On 21-06-14 14:04:32, Dan Williams wrote:
> On Mon, Jun 14, 2021 at 9:12 AM Ben Widawsky <ben.widawsky@intel.com> wrote:
> >
> > On 21-06-11 17:44:02, Dan Williams wrote:
> > > On Thu, Jun 10, 2021 at 11:58 AM Ben Widawsky <ben.widawsky@intel.com> wrote:
> > > >
> > > > CXL interleave sets and non-interleave sets are described via regions. A region
> > > > is specified in the CXL 2.0 specification and the purpose is to create a
> > > > standardized way to preserve the region across reboots.
> > > >
> > > > Introduced here is the basic mechanism to create and configure and delete a CXL
> > > > region.

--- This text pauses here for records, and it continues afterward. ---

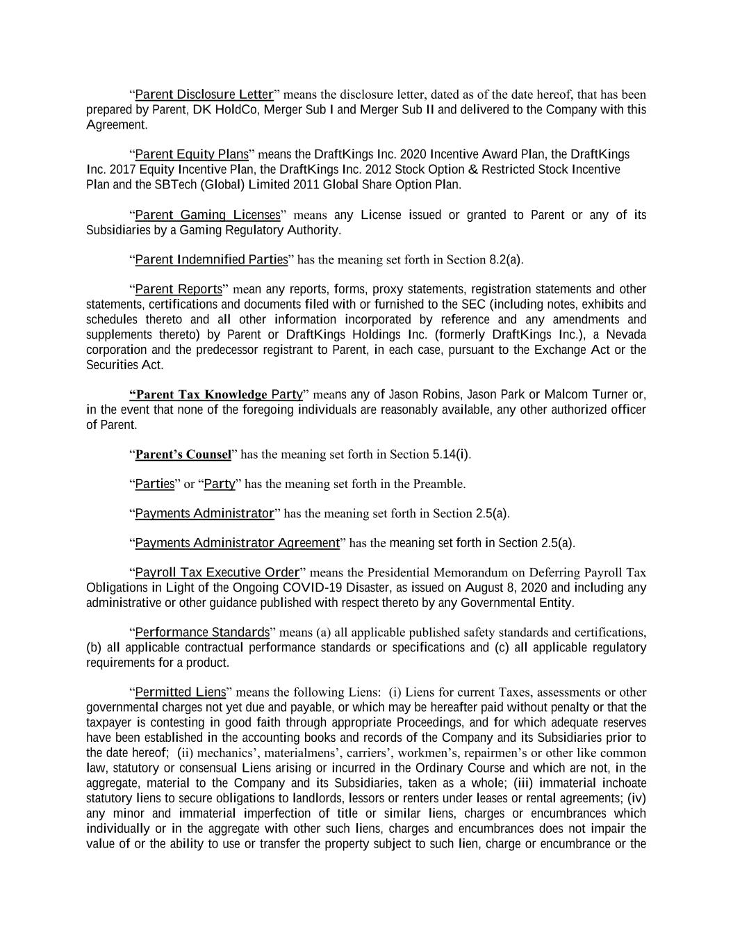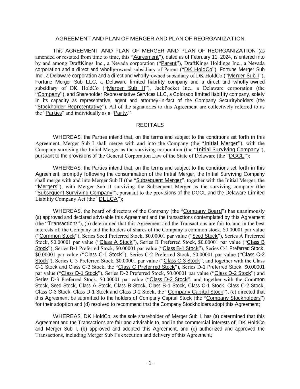 -1- AGREEMENT AND PLAN OF MERGER AND PLAN OF REORGANIZATION This AGREEMENT AND PLAN OF MERGER AND PLAN OF REORGANIZATION (as amended or restated from time to time, this “Agreement”), dated as of February 11, 2024, is entered into by and among DraftKings Inc., a Nevada corporation (“Parent”), DraftKings Holdings Inc., a Nevada corporation and a direct and wholly-owned subsidiary of Parent (“DK HoldCo”), Fortune Merger Sub Inc., a Delaware corporation and a direct and wholly-owned subsidiary of DK HoldCo (“Merger Sub I”), Fortune Merger Sub LLC, a Delaware limited liability company and a direct and wholly-owned subsidiary of DK HoldCo (“Merger Sub II”), JackPocket Inc., a Delaware corporation (the “Company”), and Shareholder Representative Services LLC, a Colorado limited liability company, solely in its capacity as representative, agent and attorney-in-fact of the Company Securityholders (the “Stockholder Representative”). All of the signatories to this Agreement are collectively referred to as the “Parties” and individually as a “Party.” RECITALS WHEREAS, the Parties intend that, on the terms and subject to the conditions set forth in this Agreement, Merger Sub I shall merge with and into the Company (the “Initial Merger”), with the Company surviving the Initial Merger as the surviving corporation (the “Initial Surviving Company”), pursuant to the provisions of the General Corporation Law of the State of Delaware (the “DGCL”); WHEREAS, the Parties intend that, on the terms and subject to the conditions set forth in this Agreement, promptly following the consummation of the Initial Merger, the Initial Surviving Company shall merge with and into Merger Sub II (the “Subsequent Merger”, together with the Initial Merger, the “Mergers”), with Merger Sub II surviving the Subsequent Merger as the surviving company (the “Subsequent Surviving Company”), pursuant to the provisions of the DGCL and the Delaware Limited Liability Company Act (the “DLLCA”); WHEREAS, the board of directors of the Company (the “Company Board”) has unanimously (a) approved and declared advisable this Agreement and the transactions contemplated by this Agreement (the “Transactions”), (b) determined that this Agreement and the Transactions are fair to, and in the best interests of, the Company and the holders of shares of the Company’s common stock, $0.00001 par value (“Common Stock”), Series Seed Preferred Stock, $0.00001 par value (“Seed Stock”), Series A Preferred Stock, $0.00001 par value (“Class A Stock”), Series B Preferred Stock, $0.00001 par value (“Class B Stock”), Series B-1 Preferred Stock, $0.00001 par value (“Class B-1 Stock”), Series C-1 Preferred Stock, $0.00001 par value (“Class C-1 Stock”), Series C-2 Preferred Stock, $0.00001 par value (“Class C-2 Stock”), Series C-3 Preferred Stock, $0.00001 par value (“Class C-3 Stock”, and together with the Class C-1 Stock and Class C-2 Stock, the “Class C Preferred Stock”), Series D-1 Preferred Stock, $0.00001 par value (“Class D-1 Stock”), Series D-2 Preferred Stock, $0.00001 par value (“Class D-2 Stock”) and Series D-3 Preferred Stock, $0.00001 par value (“Class D-3 Stock”, and together with the Common Stock, Seed Stock, Class A Stock, Class B Stock, Class B-1 Stock, Class C-1 Stock, Class C-2 Stock, Class C-3 Stock, Class D-1 Stock and Class D-2 Stock, the “Company Capital Stock”), (c) directed that this Agreement be submitted to the holders of Company Capital Stock (the “Company Stockholders”) for their adoption and (d) resolved to recommend that the Company Stockholders adopt this Agreement; WHEREAS, DK HoldCo, as the sole shareholder of Merger Sub I, has (a) determined that this Agreement and the Transactions are fair and advisable to, and in the commercial interests of, DK HoldCo and Merger Sub I, (b) approved and adopted this Agreement, and (c) authorized and approved the Transactions, including Merger Sub I’s execution and delivery of this Agreement;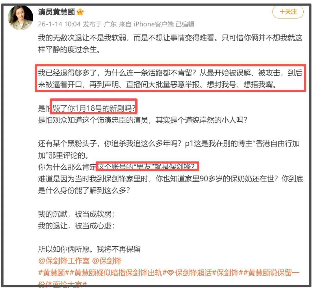 同时,黄慧颐还点名了某个长达十几年的黑粉,质问对方为何那么肯定“男友”就是保剑锋,又为何那么清楚他们家里事。对此,黄慧颐喊话保剑锋夫妻俩:“如你俩所愿,将不再保留”。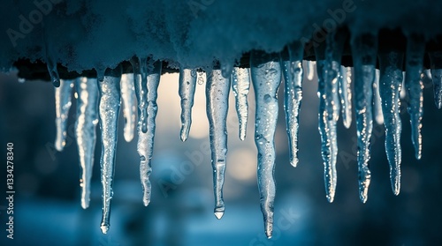 Icicles hanging down in a chilly winter setting with soft blue tones and light background

Configuring a region simply means giving it a size, offset within the
> > > > CFMWS window, UUID, and a target list. Enabling/activating a region, which
> > > > ultimately means programming the HDM decoders in the chain, is left for later
> > > > work.
> > > >
> > > > The patches are only minimally tested so far in QEMU emulation and so x1
> > > > interleave is all that's supported.
> > > >
> > > > Here is a sample topology (also in patch #4)
> > >
> > > I'm just going to react to the attributes before looking at the
> > > implementation to make sure we're level set.
> > >
> > > >
> > > >     decoder1.0
> > > >     ├── create_region
> > > >     ├── delete_region
> > > >     ├── devtype
> > > >     ├── locked
> > > >     ├── region1.0:0
> > > >     │   ├── offset
> > >
> > > Is this the region's offset relative to the next available free space
> > > in the parent decoder range? If this is output only I think it's ok,
> > > but I think the address space allocation decision belongs to the
> > > region driver at activation time. I.e. userspace does not have much of
> > > a chance at specifying this relative all the other dynamic operations
> > > that can be happening in the decoder.
> > >
> >
> > This was my mistake. Offset will be determined by the driver and I intend for
> > this to be read-only.
> >
> > > >     │   ├── size
> > > >     │   ├── subsystem -> ../../../../../../../bus/cxl
> > > >     │   ├── target0
> > > >     │   ├── uevent
> > > >     │   ├── uuid
> > > >     │   └── verify
> > >
> > > I don't understand the role of a standalone @verify attribute, there
> > > is verification that can happen per attribute write, and there is
> > > final verification that can happen at region bind time. Either way
> > > anything verify would check is duplicated somewhere else, and the
> > > verification per attribute update is more precise. For example writes
> > > to @size can check for free space in parent decoder and fail if
> > > unavailable. Writes to targetX can fail if the memdev is not connected
> > > to this decoder's port topology, or the memdev is out of decoder
> > > resources. The final region bind will fail if mid-level switches are
> > > lacking decoder resources, or would require changing a decoder
> > > configuration that is pinned active.
> >
> > I strongly believe verification per attribute write will get too fragile. I'm
> > afraid it's going to require writing attributes in a specific order so that we
> > can do said verification in a sane way. We can skip that and just check it all
> > on bind. Most of that logic is what would be contained in verify(), so why not
> > expose it for userspace that may want to test out various configs without
> > actually trying to bind?
> 
> Because there's no harm in actually trying to bind. A verify attribute
> is at best redundant, or I am otherwise not understanding the proposed
> use case?
> 

That's the use case. Though I don't consider it redundant. All bind() can return
is errnos + what you mention below (and following LWN link).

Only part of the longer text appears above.